** BRIEF **
Once you find the line with "Keep your little", transcribe it and all the lines that follow to the end of the data, exactly as written; skip any pictures.
START DATASET ENTRIES
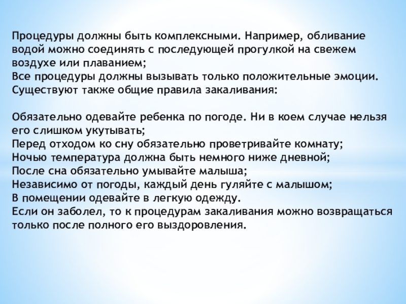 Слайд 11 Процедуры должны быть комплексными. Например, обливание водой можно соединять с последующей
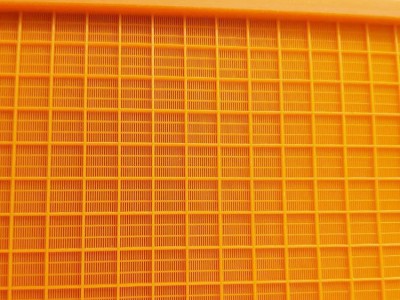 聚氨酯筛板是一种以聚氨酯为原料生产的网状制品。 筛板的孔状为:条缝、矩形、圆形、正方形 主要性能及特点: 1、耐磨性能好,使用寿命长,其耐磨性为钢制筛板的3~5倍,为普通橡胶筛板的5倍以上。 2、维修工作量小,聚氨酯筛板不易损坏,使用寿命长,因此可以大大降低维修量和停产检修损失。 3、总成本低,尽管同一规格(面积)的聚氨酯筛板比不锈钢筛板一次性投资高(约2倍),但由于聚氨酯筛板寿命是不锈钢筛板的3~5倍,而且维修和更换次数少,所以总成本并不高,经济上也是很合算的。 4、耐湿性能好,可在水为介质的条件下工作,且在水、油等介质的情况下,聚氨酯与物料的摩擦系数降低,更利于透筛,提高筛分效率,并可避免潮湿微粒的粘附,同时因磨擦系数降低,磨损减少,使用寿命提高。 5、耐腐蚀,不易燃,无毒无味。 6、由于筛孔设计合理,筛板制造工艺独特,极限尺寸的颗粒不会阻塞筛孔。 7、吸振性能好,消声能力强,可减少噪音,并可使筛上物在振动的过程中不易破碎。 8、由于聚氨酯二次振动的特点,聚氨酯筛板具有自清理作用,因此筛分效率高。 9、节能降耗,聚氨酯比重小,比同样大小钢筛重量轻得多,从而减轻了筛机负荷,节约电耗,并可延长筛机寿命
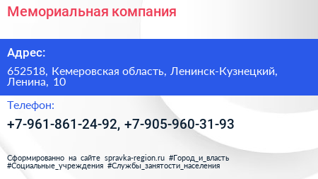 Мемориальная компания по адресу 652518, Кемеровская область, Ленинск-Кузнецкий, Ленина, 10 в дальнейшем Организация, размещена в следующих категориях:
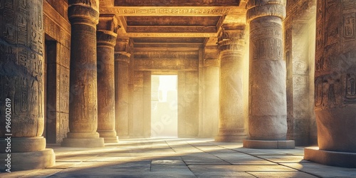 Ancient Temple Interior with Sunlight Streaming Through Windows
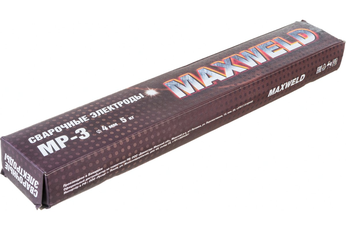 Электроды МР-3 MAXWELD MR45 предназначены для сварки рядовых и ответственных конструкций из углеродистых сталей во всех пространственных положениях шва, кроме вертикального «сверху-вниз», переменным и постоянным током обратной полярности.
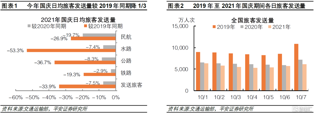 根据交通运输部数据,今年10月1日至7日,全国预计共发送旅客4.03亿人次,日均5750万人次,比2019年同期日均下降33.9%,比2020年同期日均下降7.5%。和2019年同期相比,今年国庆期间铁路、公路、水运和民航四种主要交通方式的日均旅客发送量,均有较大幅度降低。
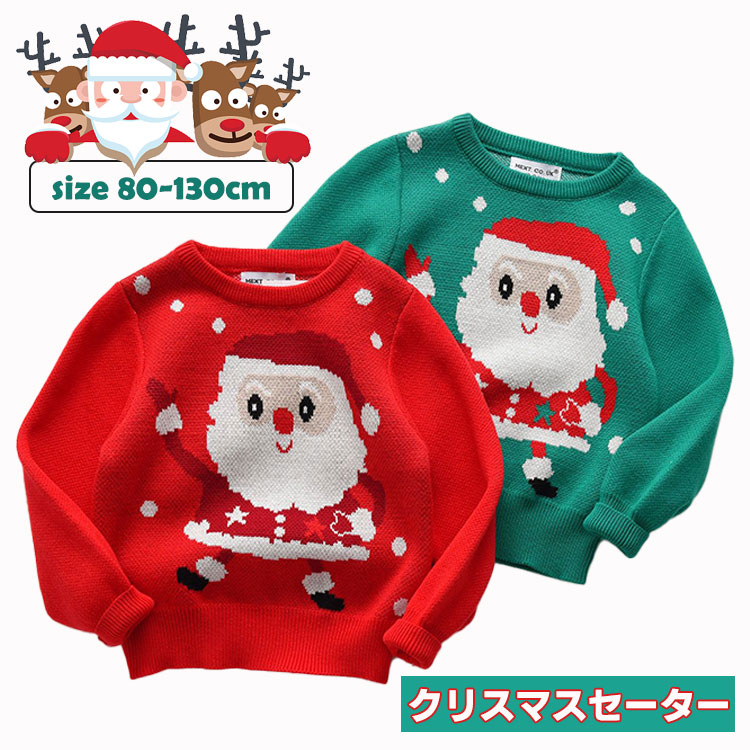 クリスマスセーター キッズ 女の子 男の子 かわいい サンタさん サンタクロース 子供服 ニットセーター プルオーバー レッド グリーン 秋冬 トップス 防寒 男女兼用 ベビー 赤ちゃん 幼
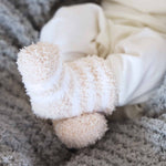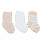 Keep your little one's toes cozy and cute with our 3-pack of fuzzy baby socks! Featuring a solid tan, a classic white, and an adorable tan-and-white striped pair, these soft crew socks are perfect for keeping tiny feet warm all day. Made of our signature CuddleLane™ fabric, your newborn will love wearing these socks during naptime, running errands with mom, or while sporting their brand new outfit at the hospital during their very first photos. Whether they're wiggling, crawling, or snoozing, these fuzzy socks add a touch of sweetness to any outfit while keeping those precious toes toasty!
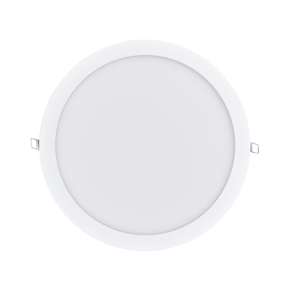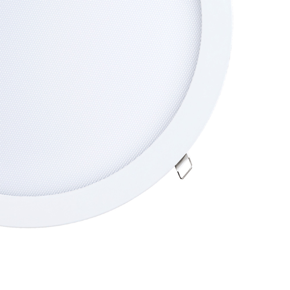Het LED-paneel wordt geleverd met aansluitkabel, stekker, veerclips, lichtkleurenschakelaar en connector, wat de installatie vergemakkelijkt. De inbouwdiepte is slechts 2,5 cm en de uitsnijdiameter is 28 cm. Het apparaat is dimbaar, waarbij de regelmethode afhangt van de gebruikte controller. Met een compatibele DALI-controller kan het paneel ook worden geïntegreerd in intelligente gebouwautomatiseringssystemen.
END DATASET ENTRIES
** RESULT OF THE EXERCISE **
 Keep your little one's toes cozy and cute with our 3-pack of fuzzy baby socks! Featuring a solid tan, a classic white, and an adorable tan-and-white striped pair, these soft crew socks are perfect for keeping tiny feet warm all day. Made of our signature CuddleLane™ fabric, your newborn will love wearing these socks during naptime, running errands with mom, or while sporting their brand new outfit at the hospital during their very first photos. Whether they're wiggling, crawling, or snoozing, these fuzzy socks add a touch of sweetness to any outfit while keeping those precious toes toasty!
Het LED-paneel wordt geleverd met aansluitkabel, stekker, veerclips, lichtkleurenschakelaar en connector, wat de installatie vergemakkelijkt. De inbouwdiepte is slechts 2,5 cm en de uitsnijdiameter is 28 cm. Het apparaat is dimbaar, waarbij de regelmethode afhangt van de gebruikte controller. Met een compatibele DALI-controller kan het paneel ook worden geïntegreerd in intelligente gebouwautomatiseringssystemen.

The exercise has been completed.